_Information shown_

§ §

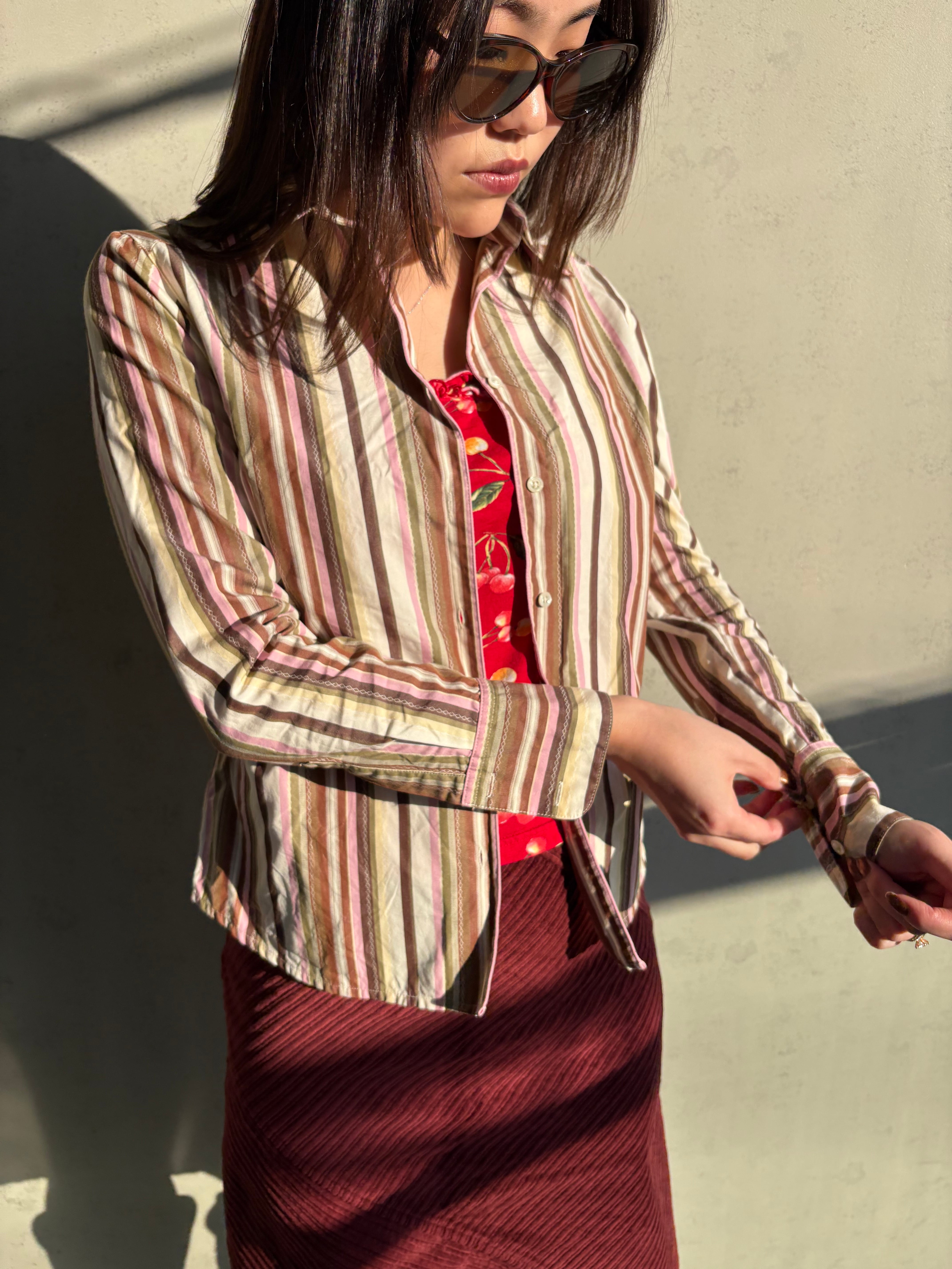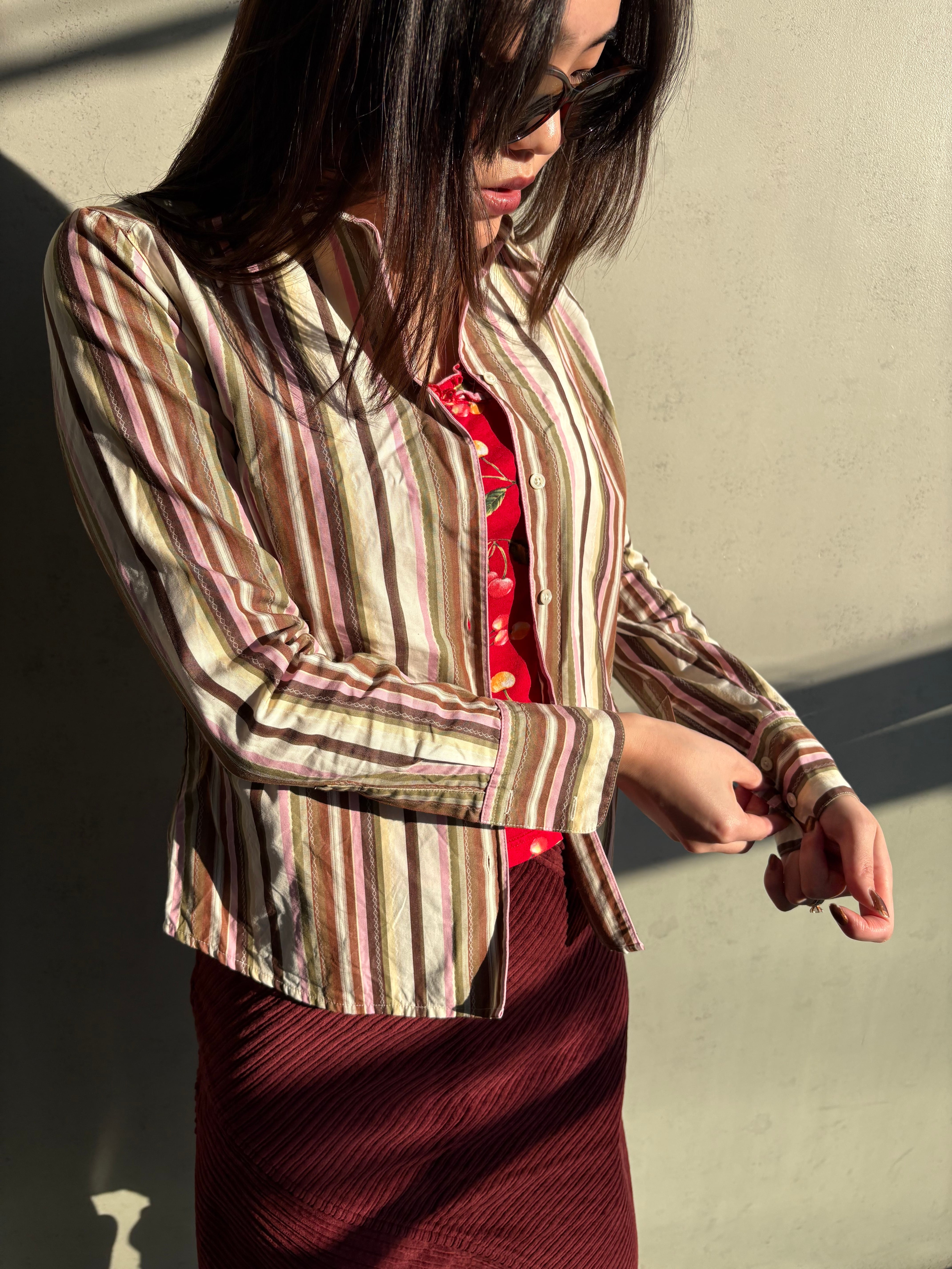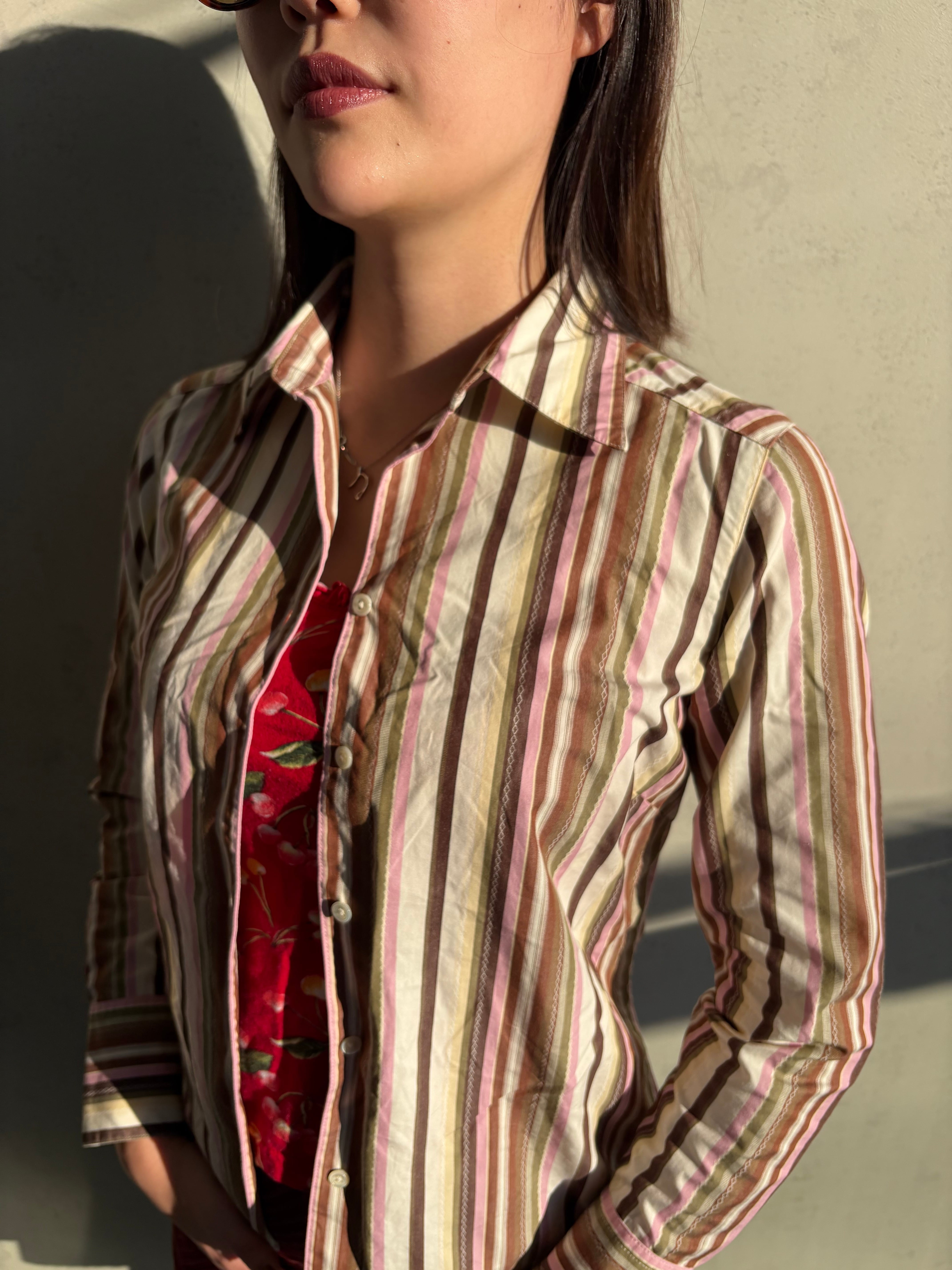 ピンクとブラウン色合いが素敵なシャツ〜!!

§ §

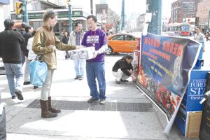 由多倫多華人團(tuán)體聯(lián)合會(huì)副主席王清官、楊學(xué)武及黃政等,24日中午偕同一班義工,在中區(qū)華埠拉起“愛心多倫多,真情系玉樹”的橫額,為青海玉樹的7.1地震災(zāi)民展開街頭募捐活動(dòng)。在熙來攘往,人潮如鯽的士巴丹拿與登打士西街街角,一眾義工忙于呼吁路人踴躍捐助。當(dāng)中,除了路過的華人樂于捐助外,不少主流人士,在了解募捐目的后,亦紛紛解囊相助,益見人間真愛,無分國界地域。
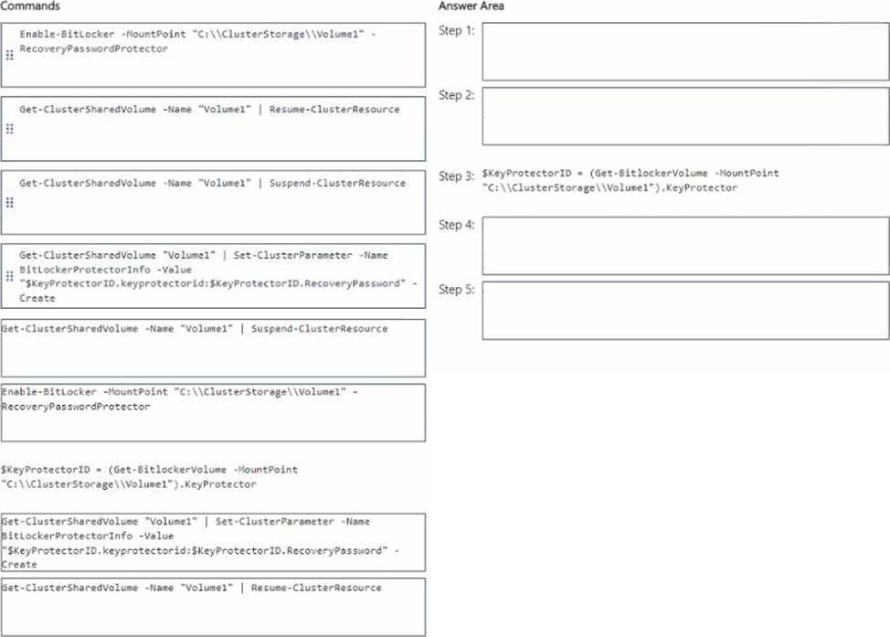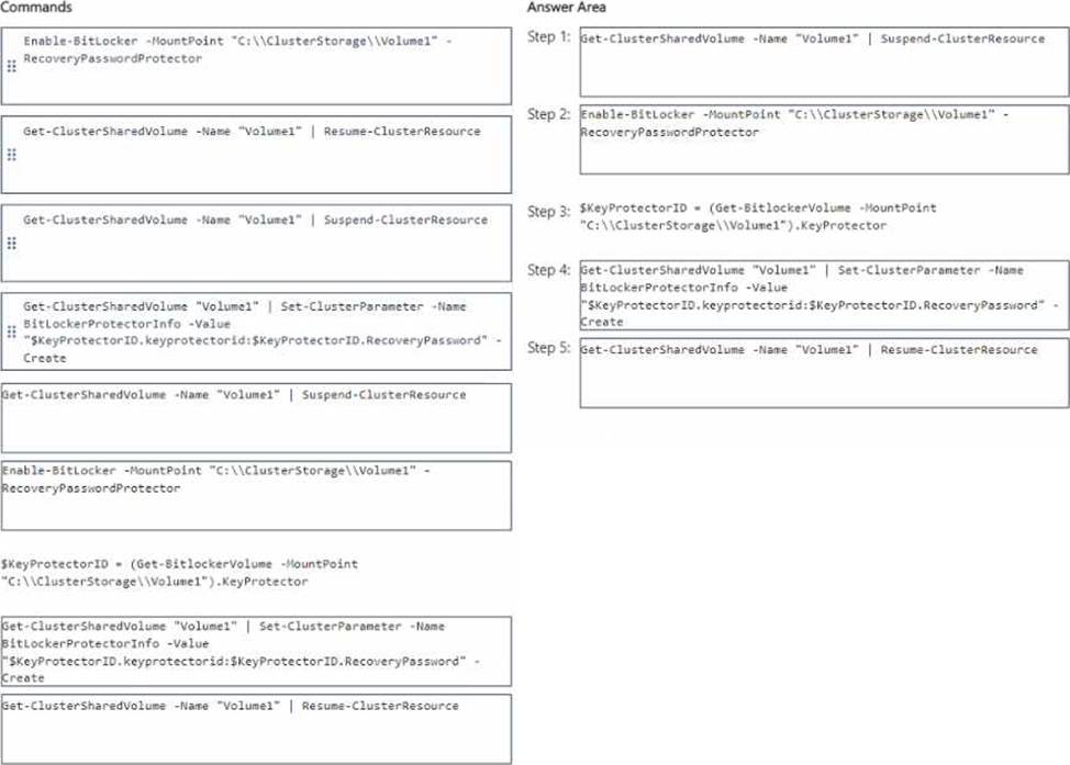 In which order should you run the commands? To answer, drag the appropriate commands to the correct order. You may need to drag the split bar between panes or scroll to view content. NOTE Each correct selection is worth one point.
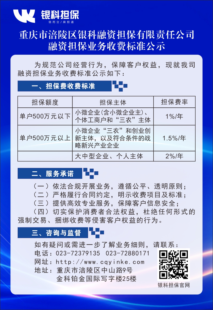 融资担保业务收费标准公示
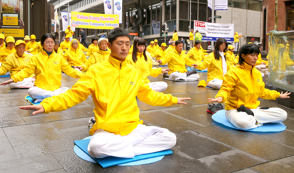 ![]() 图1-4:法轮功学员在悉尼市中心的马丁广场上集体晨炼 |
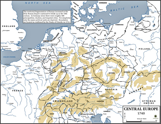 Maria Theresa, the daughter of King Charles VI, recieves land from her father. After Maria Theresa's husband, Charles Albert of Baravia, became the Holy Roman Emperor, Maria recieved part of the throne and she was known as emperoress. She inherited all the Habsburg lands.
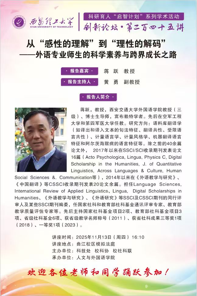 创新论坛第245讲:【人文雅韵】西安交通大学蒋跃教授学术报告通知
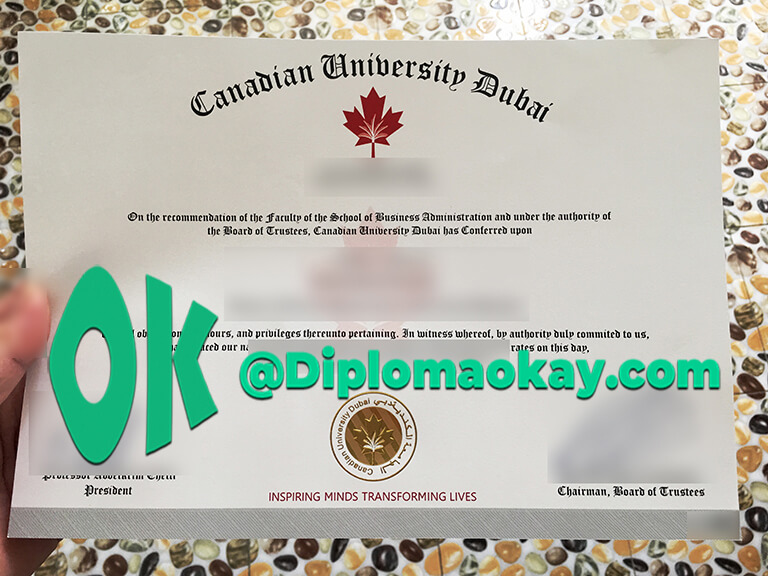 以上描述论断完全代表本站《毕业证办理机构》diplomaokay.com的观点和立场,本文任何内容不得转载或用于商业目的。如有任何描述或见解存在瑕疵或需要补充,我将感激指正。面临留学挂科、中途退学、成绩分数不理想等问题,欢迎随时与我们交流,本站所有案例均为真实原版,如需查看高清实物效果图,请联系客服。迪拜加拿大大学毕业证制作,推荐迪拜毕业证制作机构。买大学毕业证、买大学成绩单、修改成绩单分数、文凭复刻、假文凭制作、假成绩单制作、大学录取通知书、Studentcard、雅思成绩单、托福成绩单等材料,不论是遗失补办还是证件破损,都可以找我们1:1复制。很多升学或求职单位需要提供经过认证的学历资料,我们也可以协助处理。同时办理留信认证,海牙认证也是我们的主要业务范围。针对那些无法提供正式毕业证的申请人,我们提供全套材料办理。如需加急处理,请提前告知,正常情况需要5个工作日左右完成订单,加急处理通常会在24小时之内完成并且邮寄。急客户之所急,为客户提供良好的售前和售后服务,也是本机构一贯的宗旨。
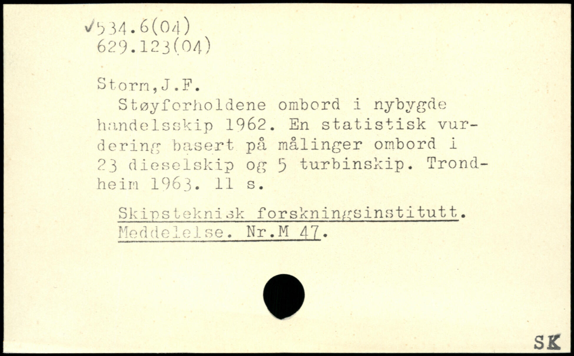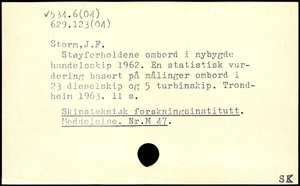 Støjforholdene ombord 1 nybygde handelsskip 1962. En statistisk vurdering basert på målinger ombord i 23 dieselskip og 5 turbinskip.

§ §

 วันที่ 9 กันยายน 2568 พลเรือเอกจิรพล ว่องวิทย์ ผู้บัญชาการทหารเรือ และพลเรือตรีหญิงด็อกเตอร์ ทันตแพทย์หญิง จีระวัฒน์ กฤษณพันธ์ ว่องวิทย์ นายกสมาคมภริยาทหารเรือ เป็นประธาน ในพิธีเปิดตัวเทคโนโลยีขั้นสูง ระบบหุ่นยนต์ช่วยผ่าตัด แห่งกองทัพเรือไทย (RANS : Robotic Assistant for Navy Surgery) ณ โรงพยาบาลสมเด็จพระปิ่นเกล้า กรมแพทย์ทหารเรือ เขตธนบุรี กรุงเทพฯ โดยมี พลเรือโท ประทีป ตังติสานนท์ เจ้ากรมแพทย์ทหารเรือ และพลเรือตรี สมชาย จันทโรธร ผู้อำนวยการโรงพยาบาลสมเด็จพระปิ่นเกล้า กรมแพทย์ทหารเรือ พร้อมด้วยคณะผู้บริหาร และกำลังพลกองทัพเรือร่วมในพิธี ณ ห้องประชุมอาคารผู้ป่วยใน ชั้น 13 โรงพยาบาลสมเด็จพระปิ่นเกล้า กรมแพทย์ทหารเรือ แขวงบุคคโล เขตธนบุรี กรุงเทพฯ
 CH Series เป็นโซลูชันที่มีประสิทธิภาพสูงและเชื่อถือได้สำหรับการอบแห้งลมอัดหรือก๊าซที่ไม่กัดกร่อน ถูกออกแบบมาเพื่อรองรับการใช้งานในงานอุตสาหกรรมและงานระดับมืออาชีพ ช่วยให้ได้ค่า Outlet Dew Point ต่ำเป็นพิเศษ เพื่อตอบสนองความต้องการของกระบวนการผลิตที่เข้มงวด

§ §

_Task requirements_
Above, find the line holding "融资担保业务收费标准公示" and the line holding "创新论坛第245讲:【人文雅韵】西安交通大学蒋跃教授学术报告通知". Print exactly those two lines and every line between them, but no pictures.

_Answer to this task_
 融资担保业务收费标准公示
 ![]() 图1-4:法轮功学员在悉尼市中心的马丁广场上集体晨炼 |
 Maria Theresa, the daughter of King Charles VI, recieves land from her father. After Maria Theresa's husband, Charles Albert of Baravia, became the Holy Roman Emperor, Maria recieved part of the throne and she was known as emperoress. She inherited all the Habsburg lands.
 创新论坛第245讲:【人文雅韵】西安交通大学蒋跃教授学术报告通知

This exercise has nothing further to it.